Jewish Life

By transmitting values, children’s books are the Chanukah gifts that keep giving

By Deborah Fineblum/

Chanukah and children’s books go together like latkes and applesauce.

In fact, Chanukahs of old often included a book, its pages spotted with droplets of candle wax. In its pages the brave Maccabees once again defeat the Syrian Greeks, a tiny cruse of oil keeps the temple’s menorah aglow for a miraculous eight days, children spin dreidels for chocolate gelt (money) and you can almost smell the sizzling latkes.

These days, the marketplace overflows with books that can warm up the coldest Chanukah night. The books reflect both the holiday’s miracles and the nuances of growing up Jewish in the 21st century.

“We’re seeing an exciting diversity in kids’ Chanukah books now,” says Joy Getnick, director of Jewish life at the Louis S. Wolk Jewish Community Center of Greater Rochester. One of the best parts of her job: funneling children’s books into the JCC’s preschool, books Getnick test-drives with her two-year-old son.

Experts say there’s a certain quality of magic in the best of these books – making them the kinds of gifts that keep giving.

“They have to celebrate being Jewish in a diverse world and transmit powerful values to the new generation,” Getnick tells

“They have to make the child wonder what’s going to happen next,” says Lyndall Miller, who directs the Jewish Early Childhood Education Leadership Institute, where the Jewish Theological Seminary and Hebrew Union College – Jewish Institute of Religion provide leadership training and Jewish learning to directors of early childhood centers.

“They have to give Jewish children a sense of pride and inclusion,” says Rachel Kamin, a book reviewer, judge and editor who directs the Joseph and Mae Gray Cultural & Learning Center at North Suburban Synagogue Beth El in Highland Park, Ill.

Chanukah-themed children’s books “help us see how the miracles in our own lives reflect the miracle” of the holiday, says Meredith Lewis, director of content and engagement for the Harold Grinspoon Foundation’s PJ Library program, which distributes nearly 200,000 Jewish children’s books to families in the U.S., Canada and elsewhere.

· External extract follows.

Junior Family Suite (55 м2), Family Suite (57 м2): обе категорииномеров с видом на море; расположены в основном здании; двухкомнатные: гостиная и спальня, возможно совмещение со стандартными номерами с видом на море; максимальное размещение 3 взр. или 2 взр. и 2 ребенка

As of press time, publishers were still rolling out new Chanukah releases, but several titles had already surfaced. Among them are Little Red Ruthie: A Chanukah Tale by Gloria Koster, a spin on Little Red Riding Hood; and Queen of the Chanukah Dosas by Pamela Ehrenberg, featuring a family celebrating with spicy Indian food.

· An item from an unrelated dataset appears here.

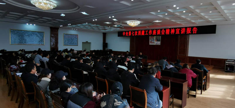 学校党委书记云旦加措以“永远感党恩、自觉听党话、坚定跟党走”为主题,从五个大的方面为我们作了一场学习中央第七次西藏工作座谈会精神的精彩宣讲报告。
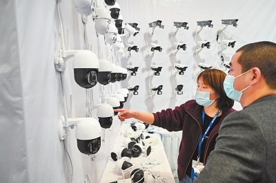數(shù)字化智能攝像頭吸引了不少人的目光。河南報業(yè)全媒體記者 朱哲 馬騰飛 攝

“You can smell the curry coming off this wonderful new book,” says Lewis, noting that Queen of the Chanukah Dosas and Little Red Ruthie made it into PJ Library’s fall lineup. Other notable new releases include Judah Maccabee Goes to the Doctor by Ann Koffsky; Way Too Many Latkes: A Chanukah in Chelm by Linda Glaser; and The Missing Letters: A Dreidel Story by Renee Londner.

But tried-and-true Chanukah classics continue to delight.

“If I had to pick one Chanukah book to read to my kids every night, it would be Eric Kimmel’s brilliant Hershel and the Chanukah Goblins, says Kamin. She also loves Kimmel’s lesser-known goblin story, Zigazak! A Magical Chanukah Night and his The Chanukah Bear, in which an elderly latke-maker mistakes a bear for her rabbi.

Meanwhile, for interfaith families, Chanukah can be a delicate time when it comes to reading.

“Parents and grandparents say, ‘A book about Christmas and Chanukah? That’s great!’ But they need to read it first,” warns Kamin. “Is it patronizing or insulting? Or does it sensitively reflect the message of Chanukah for an interfaith family?”

“In what can be a confusing time of year,” she says, “it’s often the grandparents who become the portal to tradition and play a key role in shaping identity.”